All politics is local

When we want to understand where great leaders in history come from, it is important to understand their roots. If we want to have future leaders who can change the world, tearing down systems of oppression, leading millions of people towards a single goal, we need to understand how such work is done. We often look to the Presidency in American politics as resembling that power of changing the narrative and moving policy in one way or another, and this is completely true. What is also true is that behind every great president there are hundreds if not thousands of people behind him (and hopefully someday her when the right candidate comes along) working in the background. The really great presidents have congresses working with them, either because they agree with the President's values or because the bully pulpit and/or politics forced them to work with the President's agenda.

But, where do presidents come from? They don't just pop out of the ground!
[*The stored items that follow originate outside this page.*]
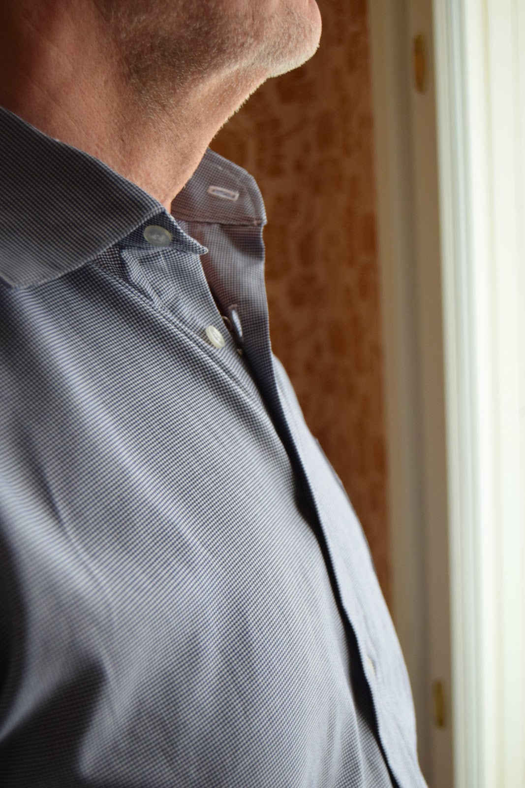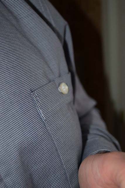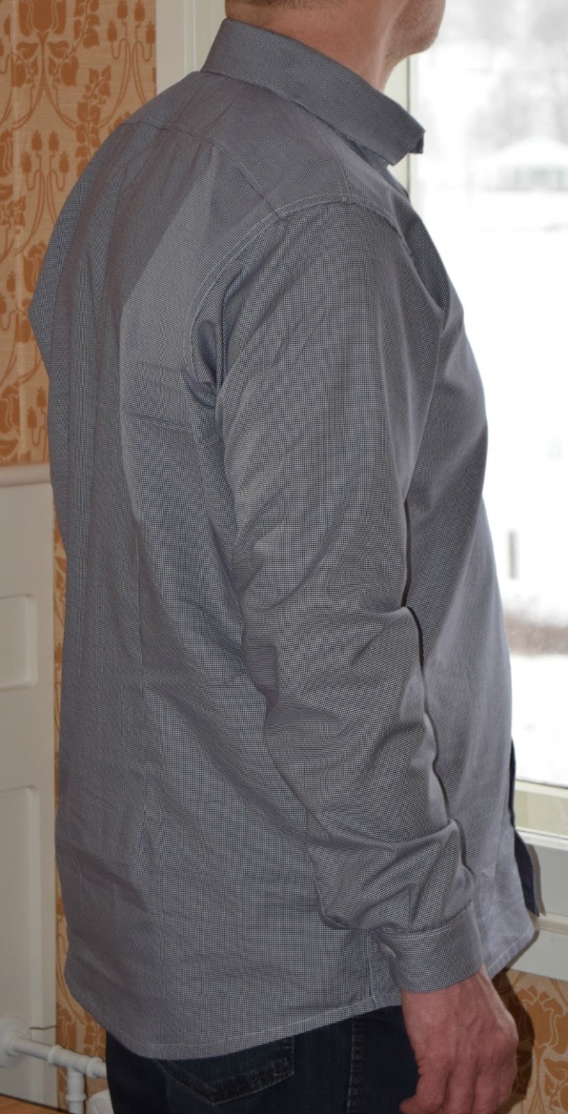 Nyt, kun pojat ovat kohta aikuisia, ja  he ovat niin olen äidin ompelukoneen ulottumattomissa, oli aika katsella uusia harteita. Ei liene yllätys, että näköpiiriin sattuneet hartiat kuuluivat komeammalle osapuolelle. Patistin miehen peilin eteen ja mittailin kriittiset mitat. Kaavoitin miestenpaidan, ompelin ensin koeversion (sain itselleni työtakin) mutta korjattu versio italialaisesta kankaasta pääsi jo käyttöönkin.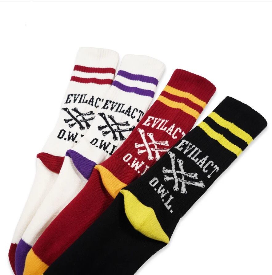 DOUBLE CROSS BONEのロゴと2本のラインをマルチカラーで表現したデザインのロングソックス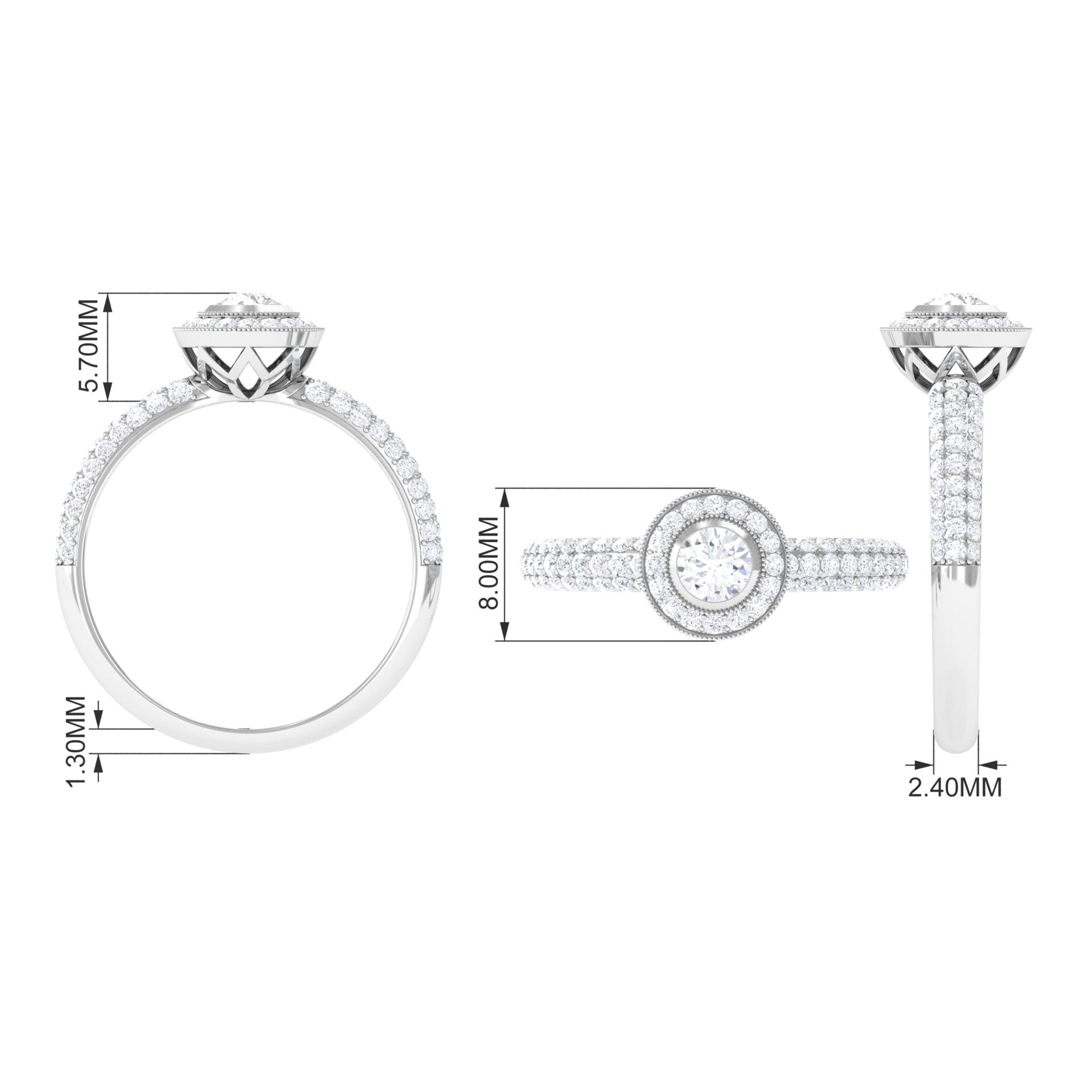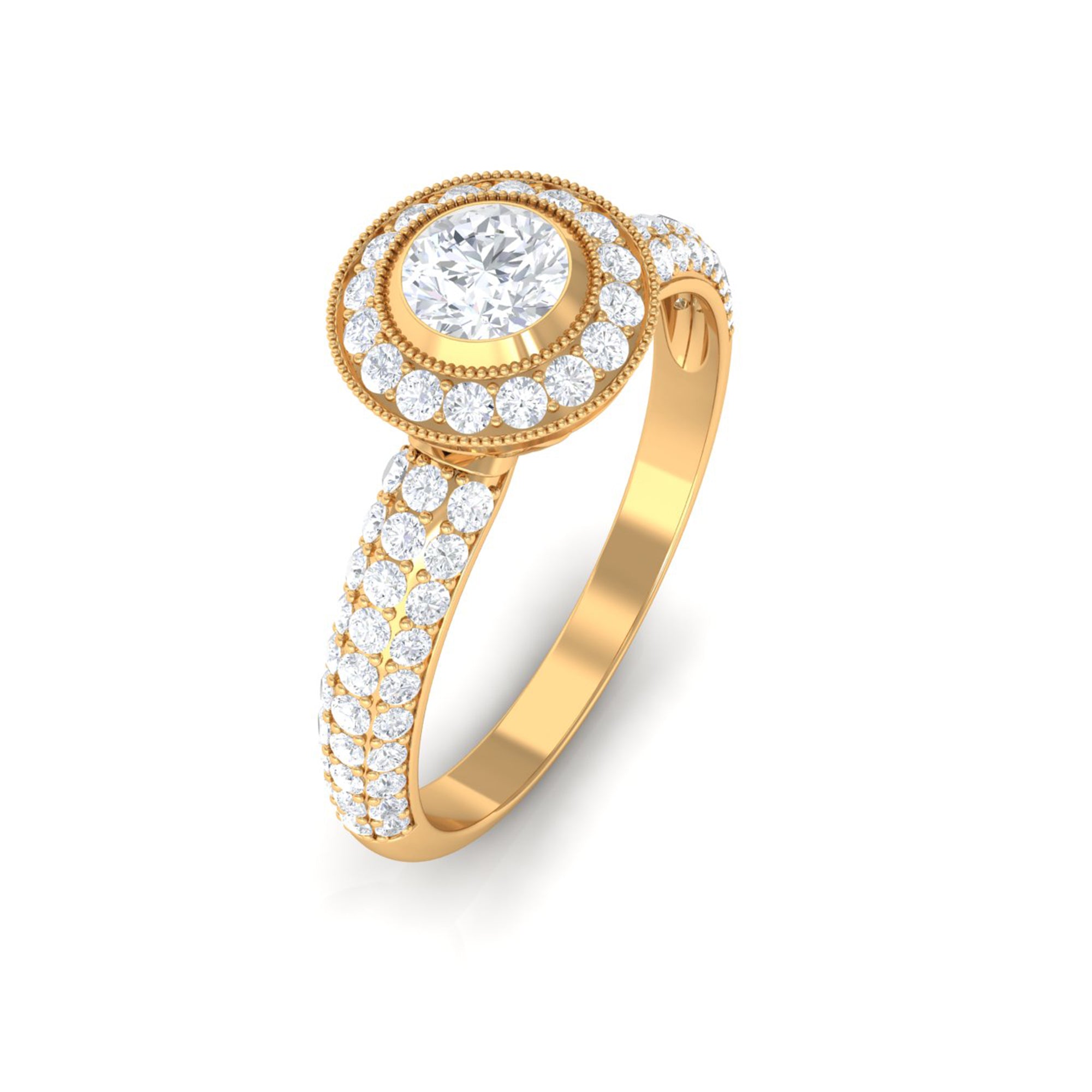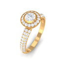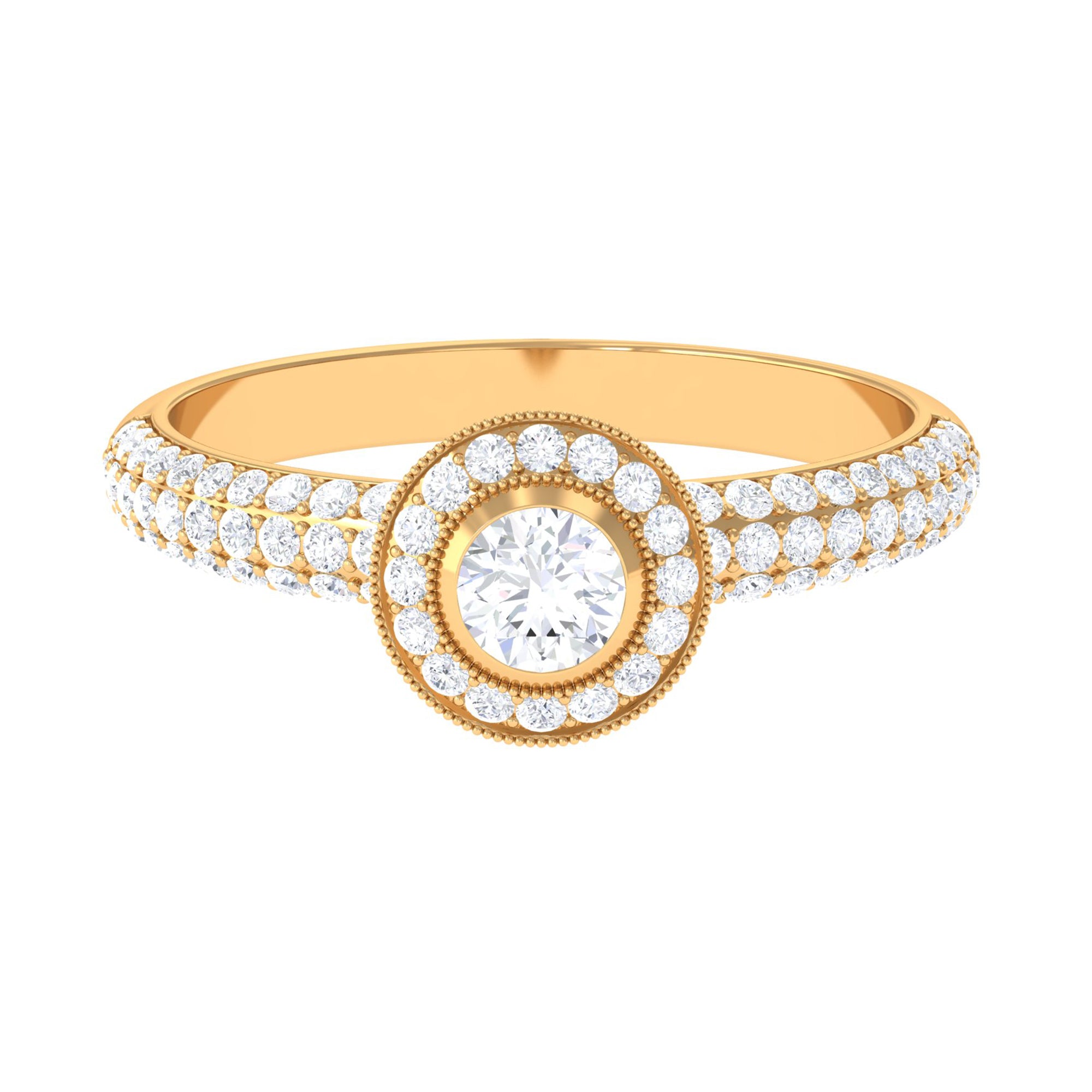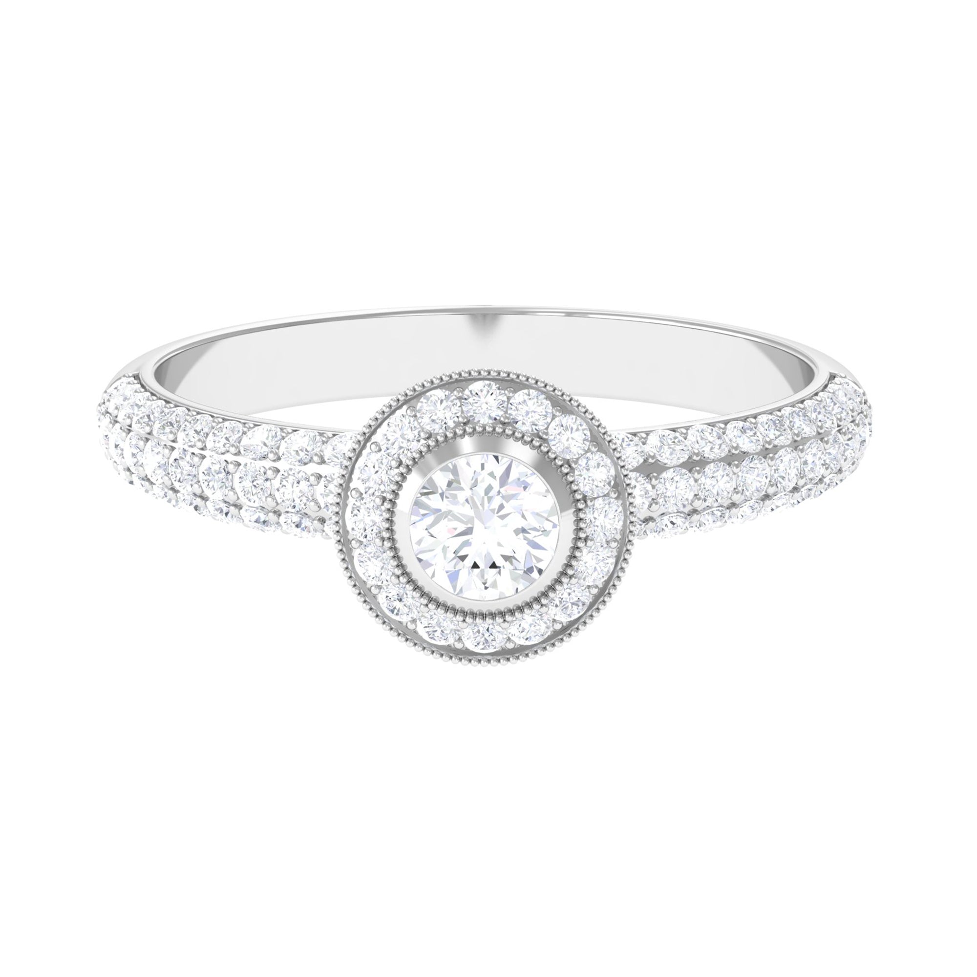 This Diamond Engagement Ring is the ideal finishing touch for those romantic occasions. It features intricate details that exude timeless beauty. At its heart, there is a 4 MM round cut diamond of HI-SI quality that truly shines, set in a secure bezel and surrounded by a halo of round cut stones with beaded accents. The band of this Vintage Engagement Ring is a true work of art, embellished with additional round cut diamonds that create a dazzling sparkle from every angle. Symbolizing love and commitment, this Vintage Diamond Ring captures elegance and timelessness, showcasing a classic yet radiant look that never fades from fashion. This Round Engagement Ring includes a quality assurance certificate and comes beautifully packaged in a chic, protective box, making it perfect for gifting or safe storage when not in use. Whether you are a bride on the hunt for a Diamond Halo Engagement Ring or someone who adores vintage-inspired pieces for special events, this Art Deco Ring will surely add a distinctive touch to your style.

Most presidents (and Vice Presidents) in American history come from either the Senate or are a former governor. The last president to not fit this root was Eisenhower who was able to catapult up to the Presidency because of his service in World War II. The only other President in the 20th century to not fit this analysis was Herbert Hoover, who is another anomaly.

So, the next question in our quest is where do senators come from? Well, according to the Congressional Research Service, a majority of members of Congress have had previous experience working in local politics. We are looking at state legislatures, county and city councils, and other elected positions. 1

In our ultimate quest for where great leaders come from leads us to your county courthouse where your city council meets. With jurisdiction over how land is used, one of the most powerful things governments do, city and county governments are actually extremely powerful branches of government. Their ability to give leaders experience making major decisions can lead them to then being in the United States Congress if they are ambitious and talented enough, with experience to demonstrate their ability to lead and what values they may or may not hold. This is valuable information for voters when voting on legislative or congressional leadership, and I believe it is very important for politicians to have at least some experience at the local level to test their worth before going to an important job further ahead.

It is a little late, but always remember to vote in your local elections. Who knows, maybe you are voting for a future president.